Key Experimental Results¶
Main Results¶
| Method | WebShop Score | Avalon Win Rate | Persuasion Donation | Inference Time |
|---|---|---|---|---|
| ReAct | 55.1 | 21.0% | 0.54 | 5s |
| Reflexion | 60.8 | 26.0% | 0.54 | ~15s |
| LATS (n=30) | 74.9 | 38.0% | 0.78 | ~46s |
| Agent Q (n=30) | 77.1 | — | — | ~46s |
| Online ArCHer | 62.3 | 19.0% | 0.36 | — |
| PNLC (Ours) | 78.2 | 47.0% | 0.87 | 5–6s |
Ablation Study¶
| Configuration | WebShop | Avalon | Persuasion |
|---|---|---|---|
| PNLC (full) | 78.2 | 47.0% | 0.87 |
| w/o goal conditioning (scalar value only) | 55.4 | 25.0% | 0.53 |
| w/o refinement step | 55.6 | 28.0% | 0.61 |
| ReAct+Replan (LLM self-evaluation) | 59.1 | 22.0% | 0.62 |
Key Findings¶
- PNLC achieves SOTA across all three diverse tasks with only 5–6s inference time, approximately 8× faster than LATS (n=30).
- Goal conditioning is critical: removing it reduces performance to be indistinguishable from ReAct (55.4 vs. 55.1), demonstrating that multi-dimensional goal feedback is essential.
- Offline learning outperforms LLM intuition: allowing the LLM to self-assess goal probabilities (ReAct+Replan) yields substantially lower performance than the data-driven critic (59.1 vs. 78.2), confirming that LLMs are overly optimistic about goal reachability in long-horizon tasks.
- RL fine-tuning performs worst: Online ArCHer, which fine-tunes a smaller model, underperforms all other methods.
Highlights & Insights¶
- "Train the critic, not the policy" paradigm: This elegantly circumvents the limitation of non-fine-tunable API models by shifting the learning burden to a lightweight module, offering substantial practical deployment value.
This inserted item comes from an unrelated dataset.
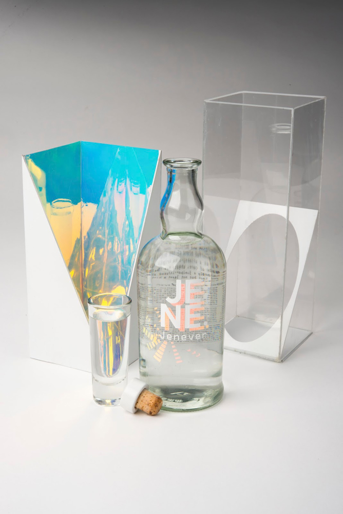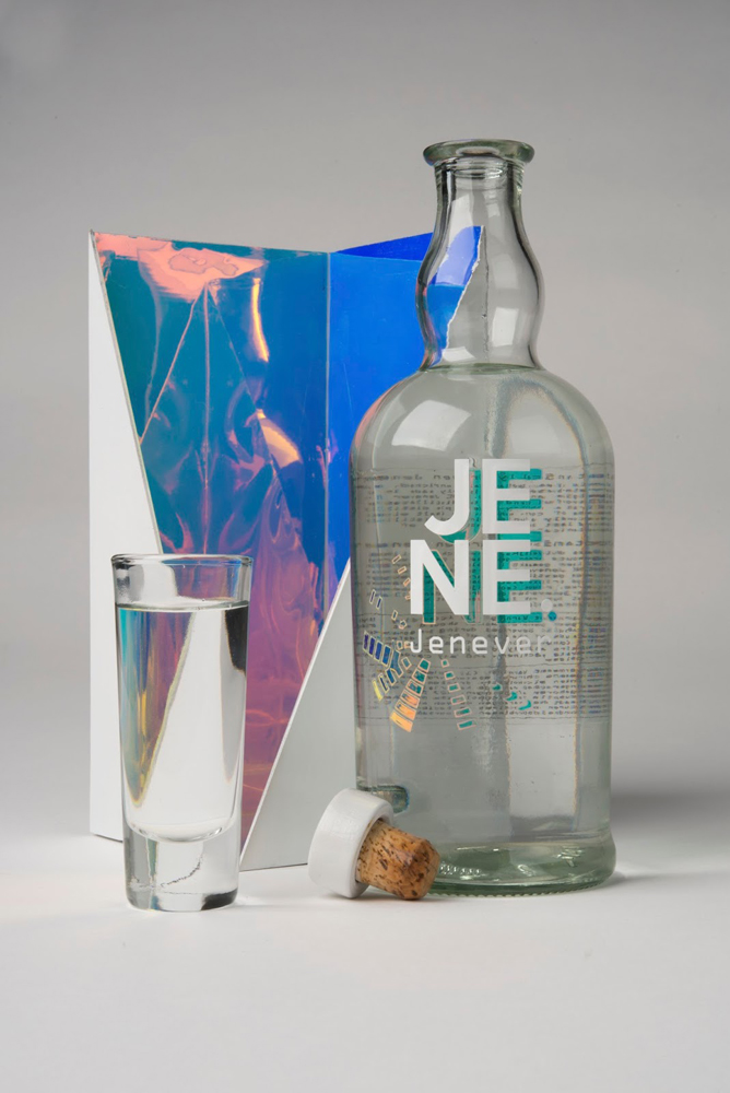 Brenna Veenstra, студентка факультета «упаковочный дизайн» американского университета Висконсин-Стаут, разработала концепт бренда JENE. Это женевер – алкогольный напиток, который производится в Бельгии и Нидерландах.

- Abstraction at the thought level: Learning the value function at the level of thoughts (high-level strategic intentions) rather than actions (raw text) substantially reduces decision-space complexity.
- Interpretable feedback via goal-conditioned value functions: Natural language descriptions of multiple positive/negative goals with associated probabilities are more amenable to LLM comprehension and utilization than scalar values.
Limitations & Future Work¶
- Task-specific value functions: A separate value function must be trained for each new task; cross-task transfer remains an open problem.
- Reliance on LLM goal generation and refinement: The approach may fail in specialized domains beyond the LLM's knowledge.
- No data sensitivity analysis: The minimum quantity and quality of trajectories required to train an effective critic remain uncharacterized.
- Value function calibration: Whether the probability estimates are reliable has not been analyzed.
Related Work & Insights¶
- vs. RL fine-tuning (ArCHer): The proposed method requires no LLM parameter updates, supports API-only models, and incurs orders-of-magnitude lower training cost.
- vs. inference-time search (LATS/MCTS): Inference time scales as a constant rather than exponentially with search depth, yielding an enormous practical advantage in deployment.
- vs. self-refinement (Reflexion): Reflexion requires multiple full trajectory rollouts, whereas PNLC needs only a single refinement step with a lightweight critic.
Rating¶
- Novelty: ⭐⭐⭐⭐⭐ — Pioneering "planning without search" paradigm combining critic learning with LLM planning; goal-conditioned value functions at the thought level are highly novel.
- Experimental Thoroughness: ⭐⭐⭐⭐ — Comprehensive evaluation across three diverse tasks with detailed ablations, though data sensitivity analysis is absent.
- Writing Quality: ⭐⭐⭐⭐ — Clear logic and intuitive figures.
- Value: ⭐⭐⭐⭐⭐ — Compatible with any API-accessible LLM; represents a breakthrough in inference efficiency with high practical deployment value.